Konon, Seni Reak lahir sekitar abad ke-12 dimana pada saat itu Prabu Kiansantang, putera Prabu Siliwangi, bermaksud untuk menyebarkan agama Islam di Pulau Jawa, khususnya Jawa Barat. Dalam agama Islam, setiap laki-laki wajib hukumnya untuk dikhitan (sunat). Namun, pelaksanaan khitanan bagi anak-anak ini mendapat kendala karena si anak selalu merasa ketakutan untuk dikhitan. Oleh karena itu, para sesepuh di Sumedang berpikir bagaimana caranya agar anak-anak yang akan di khitan tidak takut, maka diciptakanlah suatu jenis kesenian yang disebut “Seni Reak”. Hal yang paling prinsip dari pertunjukan ini adalah keramaian atau kemeriahannya agar banyak masyarakat yang menonton, terutama anak-anak. Oleh karena itu, memadukan beberapa jenis kesenian mempunyai pengaruh agar pertunjukan Seni Reak ini lebih meriah. Karena hirup-pikuk dan sorak-sorai dari pemain dan penonton itulah maka kesenian ini dinamakan “Seni Reak” diambil dari kata hirup-pikuk, atau sorak-sorai gemuruh tetabuhan yang dalam Bahasa Sunda yaitu “susurakan atau eak-eakan”. Jumlah minimal pemain yang harus mendukung pertunjukan Seni Reak ini sekitar 20 orang, atau lebih banyak akan lebih baik. Masing-masing pemain memiliki fungsinya berdasarkan alat kesenian yang dipergunakan dalam Seni Reak ini, yaitu 4 pemegang alat reog, 4 pemegang gendang penca, 10 pemegang angklung, 2 penari topeng, dan 6 orang penari. Sementara itu, alat atau waditra yang dipergunakan oleh pemain meliputi Dogdog kayu dan kulit, Angklung bambu, Gendang kayu dan kulit, Gong besi atau perunggu, Terompet kayu dan tempurung, dan Topeng karton dan kain. Suatu perpaduan yang kaya akan musik tradisional Sunda.
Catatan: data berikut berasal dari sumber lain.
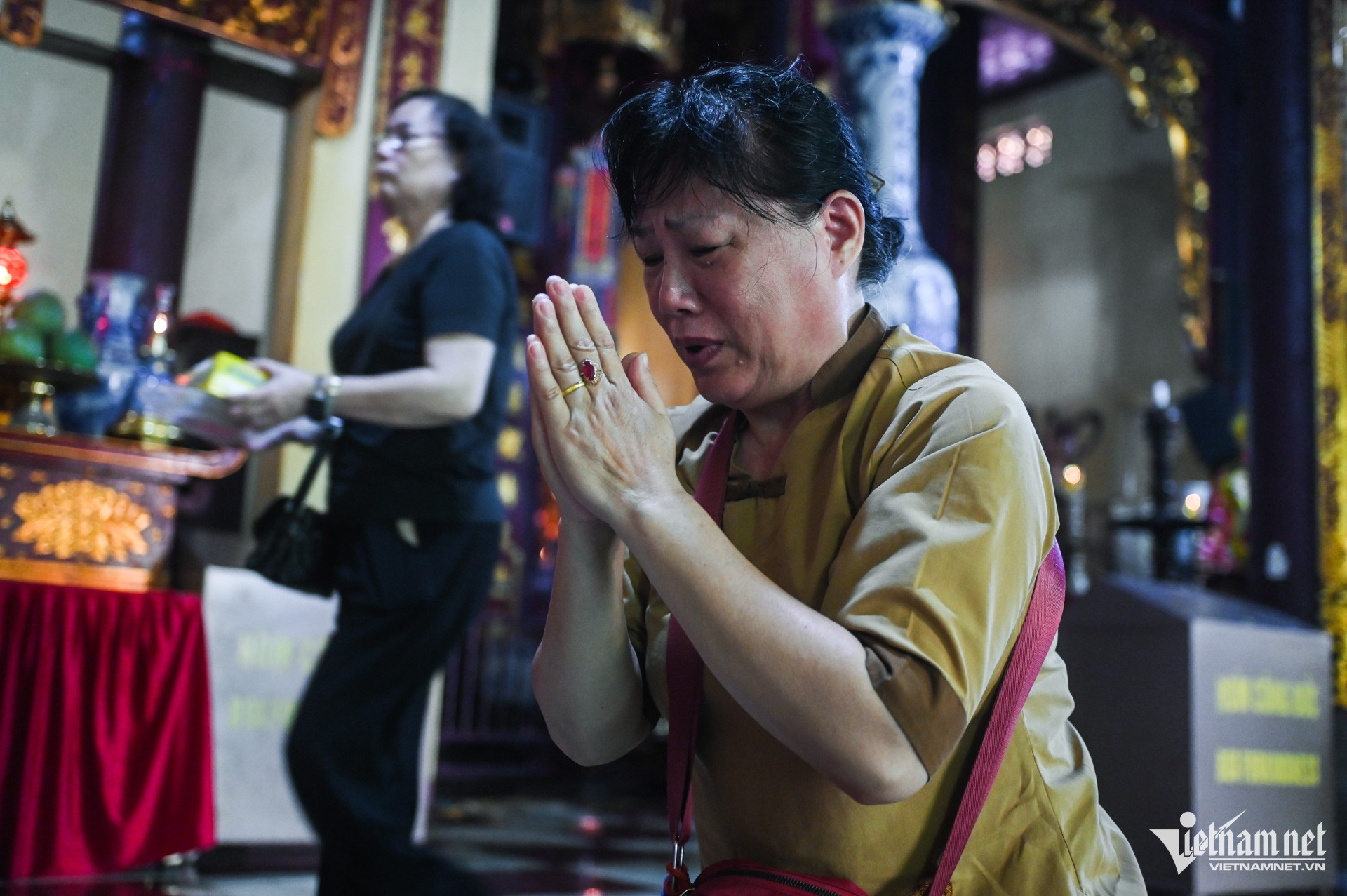 Bé Thiên cùng mẹ đến chùa Quán Sứ để bày tỏ lòng kính trọng và thương tiếc sự ra đi của Tổng Bí thư.

Reak adalah salah satu kesenian rakyat Jawa Barat, khususnya di sekitar Ujung Berung-Bandung, Cileunyi-Bandung, dan Sumedang [semua daerah ini berlokasi di Propinsi Jawa Barat, Indonesia). Umumnya, kesenian ini diselenggarakan oleh masyarakat, seperti Cileunyi dan Ujung Berung, pada acara Sunatan (Sunda; khitan), baik yang dikhitannya laki-laki maupun perempuan. Namun, umumnya, reak ditampilkan ketika khitanan laki-laki. Selain itu, reak pun sering ditampilkan dalam acara-acara syukuran panen atau acara yang terkait dengan peristiwa sejarah negara Indonesia, seperti 17 Agustus-an. Dalam skala kecil, reak pun dihadirkan pada acara pernikahan, ulang tahun, peringatan akil baligh [9 tahun, atau 13 tahun, atau 15 tahun], dan acara syukuran lainnya.
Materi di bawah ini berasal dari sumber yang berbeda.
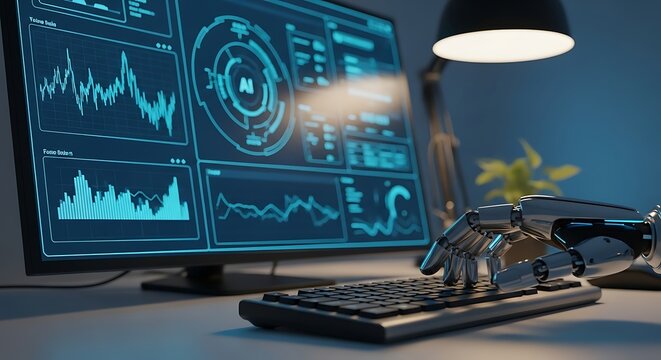 Robotic Hand Interacting with Data Display on a Computer Screen, Futuristic Concept

Kesenian ini berupa iring-iringan dengan seperangkat atau sekumpulan istrument etnik sunda (seperti suling, kendang, kentungan, calung, dll beberapa di antaranya sudah mengadaptasi instrumen musik modern), sinden (penyanyi), kuda lumping (kuda yang sudah dilatih untuk pertunjukkan), sisingaan (patung singa beserta penari), dan penari bertopeng.
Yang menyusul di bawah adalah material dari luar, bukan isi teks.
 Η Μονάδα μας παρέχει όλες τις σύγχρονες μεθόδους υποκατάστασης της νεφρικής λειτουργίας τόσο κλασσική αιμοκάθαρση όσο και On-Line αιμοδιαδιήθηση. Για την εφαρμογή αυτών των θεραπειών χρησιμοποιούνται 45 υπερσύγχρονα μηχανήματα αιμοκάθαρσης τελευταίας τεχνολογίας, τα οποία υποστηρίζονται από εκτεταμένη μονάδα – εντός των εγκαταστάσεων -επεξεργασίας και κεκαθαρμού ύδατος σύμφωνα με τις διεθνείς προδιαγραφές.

Semua instrumen dan komposisi lainnya memiliki pemaknaan simbolik sendiri-sendiri. Sebagai berikut :

Penggunaan kata “reak” sebagai nama bagi kesenian ini memang banyak penjelasannya. a) Sebagian mengatakan bahwa “reak” berasal dari kata “reog”, mirip dengan nama bagi kesenian dari Jawa Timur, terutama “Reog Ponorogo”. Reak maupun Reog, menurut sebagian pandangan berasal dari kata Arab “riyyuq” yang artinya “bagus atau sempurna di akhir” atau khusnul khatimah.Sebagian lagi menyatakan bahwa reak berasal dari kata “leak”, yakni salah satu symbol kekuatan jahat dalam tradisi Hindu-Bali, yang menyimbolkan Batara Kala atau ogoh-ogoh. Hanya saja, bagi pelaksana atau pemakai tradisi reak ini, asal-usul nama dan konteks penggunaannya tidaklah menjadi persoalan. Yang penting bagi mereka, reak adalah fakta budaya yang menyangkut media hiburan dan media ekspresi kultural mereka. Dalam komposisi iring-iringan ini, “reak” ditampilkan sebagai topeng dan fashiontertentu yang dikenakan para penari. Topeng dan asesoris inilah yang menjadi coredalam iring-iringan reak ini, karena pada sipemakai reak ini, fenomena ekstaseatau penyatuan dengan dunia laindidapatkan.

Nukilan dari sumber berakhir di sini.